La inteligencia artificial jugará un papel importante
Los científicos planean utilizar la inteligencia artificial (IA) para encontrar formas de transferir mecanismos de la naturaleza a los sistemas tecnológicos. “Tengo en mente un sistema de gestión de software digital”, revela Trauth.
La IA debería proporcionar una base de información para mejorar la volatilidad, la aleatoriedad y los factores de estrés de los sistemas vulnerables en varios campos. Los investigadores de WZL están probando actualmente el concepto de montaje en una rectificadora CNC. “Todavía estamos recibiendo una gran cantidad de información que no podemos usar correctamente”, explica Becker. “El sistema es complejo y la gente no puede entender la gran cantidad de datos”.
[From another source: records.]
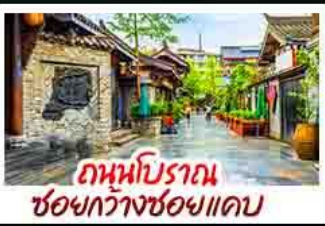
ถานโบราณเซอชวงกวางชอยแคบ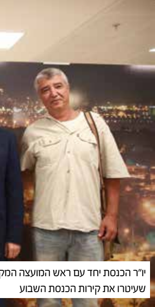
יו"ר הכנסת יחד עם ראש המועצה המקומית שיעטרו את קירות הכנסת השבוע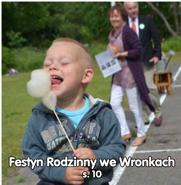
Festyn Rodzinny we Wronkach s. 10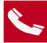
Τηλέφωνο για την καταπολέμηση πυρκαγιών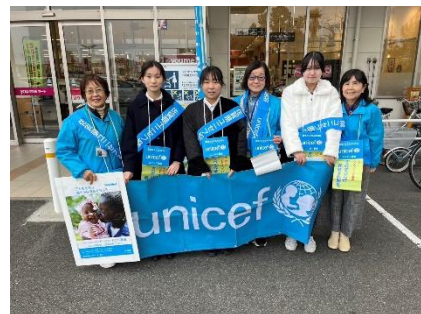
【12月15日(日)ゆめマート佐賀店】 募金額 ¥25,075 円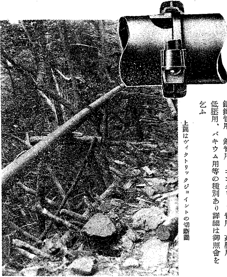
上圖はヴィクトリックジョイントの切斷圖

ヴィクトリックジョイントの接合、離脱は簡單にしてパイプライ ンの移動、延長を極めて迅速に行ひ得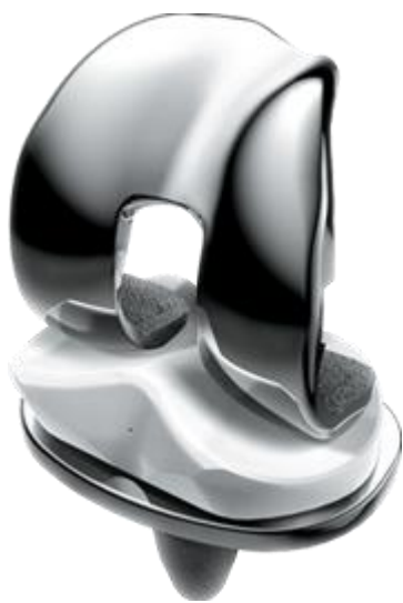
De totale knieprothese

De operatie is geen kleinigheid en het herstel vraagt veel wilskracht en inspanning van u en uw familieleden. Door een goede voorbereiding kunt u zich onnodige spanningen en teleurstellingen besparen.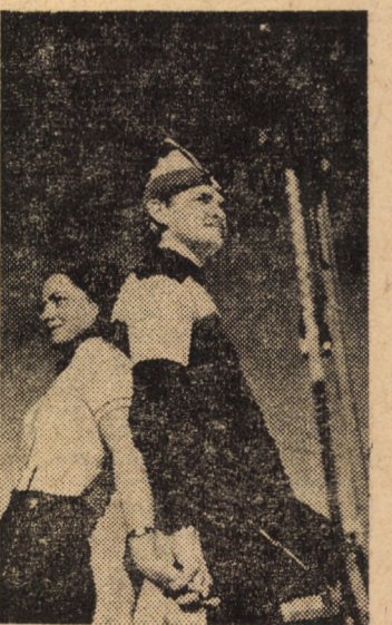
Cu gîndul la zilele însoțite...

10,30 - O viață pentru o idee. Dan Barbilian (1895-1961) eminent matematician. 11,00 - Film artistic (reluare). 12,30 - Mai aveți o întrebare? 13,10 - Cîntă orchestra „Flacăra Prahovei” din Ploiești. 13,40 - Publicitate. 13,45 - Documentar. 14,00 - Telex. 14,05 - Baschet feminin: I.E.F.S. București - Sesto San Giovanni în „Cupa Campionilor Europeni” (înregistrare). În pauză: „Sahul - sport, știință sau artă?” - un film cu campionul mondial Anatoli Karpev. 15,35 - Lieduri și aril din opere în interpretarea tenorului Ludovic Spiess. 16,15 - România pitorească. 16,45 - Virstele peiculei. 17,35 - Reportaj pe glob: Tamisa naste Londra. 18,00 - Cel mai bun contînuă. 18,50 - Ianuarie 1977 - Cronica evenimentelor politice interne și internaționale. 19,05 - Eroii îndrăgiți de copii: Heidi. 19,30 - Telex. 20,00 - Telex. 20,50 - Publicitate. 20,55 - Film serial: Kojak. 21,45 - Întîlnire cu satira și umorul. 22,45 - Telex. 22,55 - Campionatele Europene de patinaj artistic - proba individuală feminină.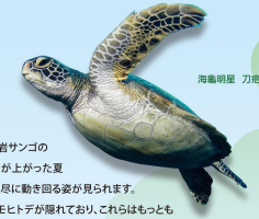
海亀明星 刀用

小琉球のサンゴ資源は非常に豊かで、若くサンゴの種類だけでも200種あまりあります。雨が上がった夏の夜には、岩の裏にイソノガイが縦横無尽に動く回遊姿が見られます。浅瀬の岩陰にはナガウコとウツクモヒトデが隠れており、これらはもともと優美な陸産動物です。また、小琉球はアオウミガメの生息地にも非常に豊かです。美人洞の望海亭を訪れると、アオウミガメの姿を見られるかもしれません！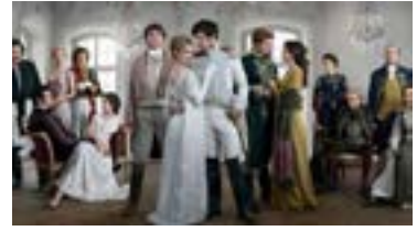
Кадр із міні-серіалу Е. Девіса «Війна і мир»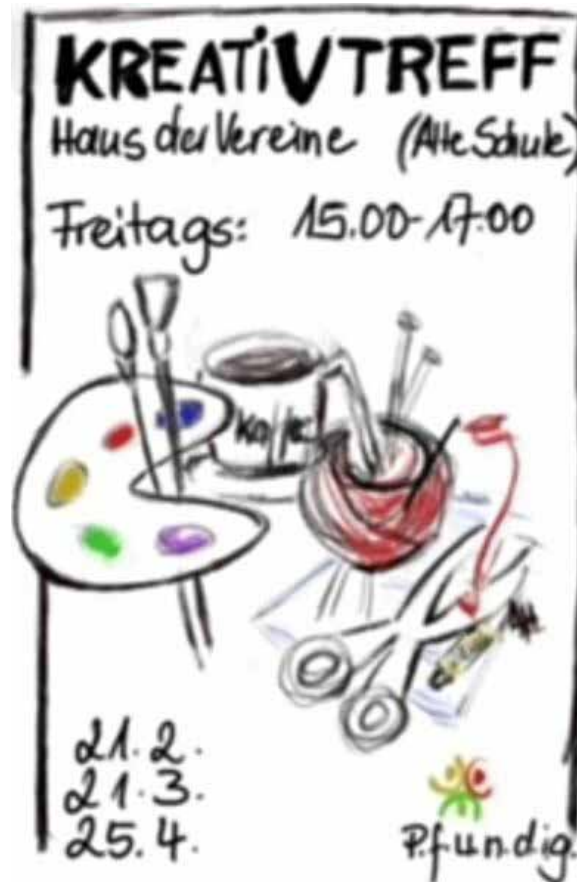
Die ersten 3 Termine 2025

Auch der Kreativ-Treff hat sich etabliert und immer mehr kreative Menschen treffen sich zum gemeinsamen Malen, Basteln oder anderen künstlerischen Aktivitäten. Nach einer kleinen Pause im Januar ging es am 21. Februar 2025 wieder los. Genau 4 Wochen später ist der nächste Treff angesagt: Freitag, 21.03.2025.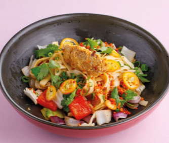
С томлёной тункой и апельсиновым хойсин 520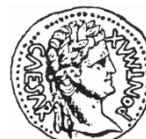
카이사르 아우구스투스의 동전 (주전27-주후14)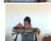
מעמד סיומי המסכתות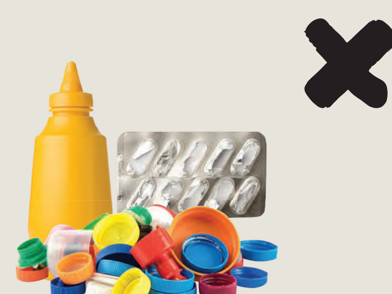
Όλα τα πλαστικά είδη με την ένδειξη 3, 4, 6 ή 7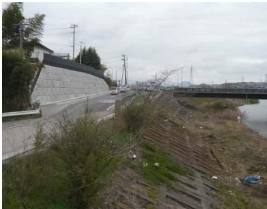
写真 9 仙台市泉区松森の地山補強土工（下流から）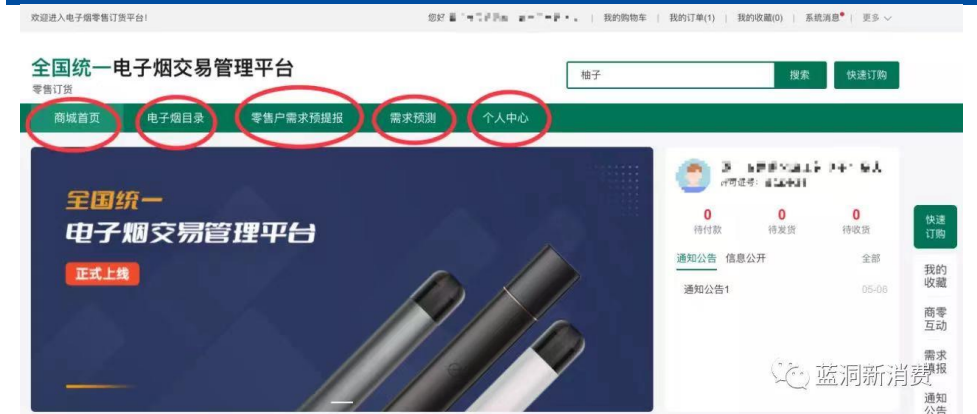
图 2. 全国统一电子烟交易管理界面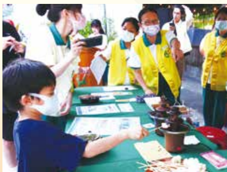
▲繽紛趣味闖關遊戲，小朋友開心兌換禮物。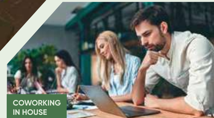
COWORKING IN HOUSE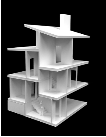
Þrívíddarteikning af húsínu að innan. MYND/TRÍPÓLÍ ARKITEKTAR

„Það er mikið sem þeir spá í sem aðrir gera ekki. Eins og birtuskilyrði til dæmis. Svo eru mjög skemmtilegar stigapælingar inni í húsínu. Það er svo margt sem gerir húsíð okkar sérstakt og að okkar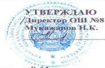
График проведения суммативных оцениваний за 1-четверть по предметам в 8-11 классах с 15 по 21 сентября 2024 – 2025 учебного года 1-смена

Los factores que afectan el proceso en este ejemplo particular van desde la distribución del grano en la muela abrasiva hasta la humedad durante el procesamiento y la disponibilidad de la máquina. Esto también depende de las condiciones meteorológicas, las condiciones del tráfico, los perfiles de las rutas, los datos sobre los envíos, el día de la semana y la hora del día, y otros factores, como las horas de entrega y llegada de los ingredientes afectados. Más información estará disponible. , el procesamiento de datos será más preciso y, en consecuencia, mayores beneficios. Pero no solo es importante el factor “técnico”, la visión holística también incluye a las personas que están integradas en todo el proceso, como los empleados de fabricación y la constitución del conductor. ¿Se siente descentrado los lunes o cansado durante el turno de noche? Los volúmenes de datos se pueden expandir casi indefinidamente.
Más de 1000 señales llegan simultáneamente mientras se ejecuta una máquina CNC que no se puede procesar sin IA. Además, el mecanizado CNC es solo uno de los pequeños pasos de mecanizado. La producción automotriz se suma a muchos procesos individuales, pasos de trabajo y entrega de piezas.
Los primeros resultados son muy prometedores. Por ejemplo, los investigadores utilizaron un segundo láser como factor estresante en un proceso de soldadura por láser. Los resultados fueron asombrosos. La adición de láseres ha mejorado los resultados en varios niveles, especialmente en la calidad. Queda por ver hasta qué punto se puede aplicar el concepto de anti-vulnerabilidad a la gestión de la cadena de suministro. Los investigadores se centran principalmente en los algoritmos evolutivos. Estos algoritmos de IA ya se están utilizando para otros problemas y optimizaciones, como el desarrollo de redes de sensores, el análisis del mercado de valores y la predicción de estructuras de ARN.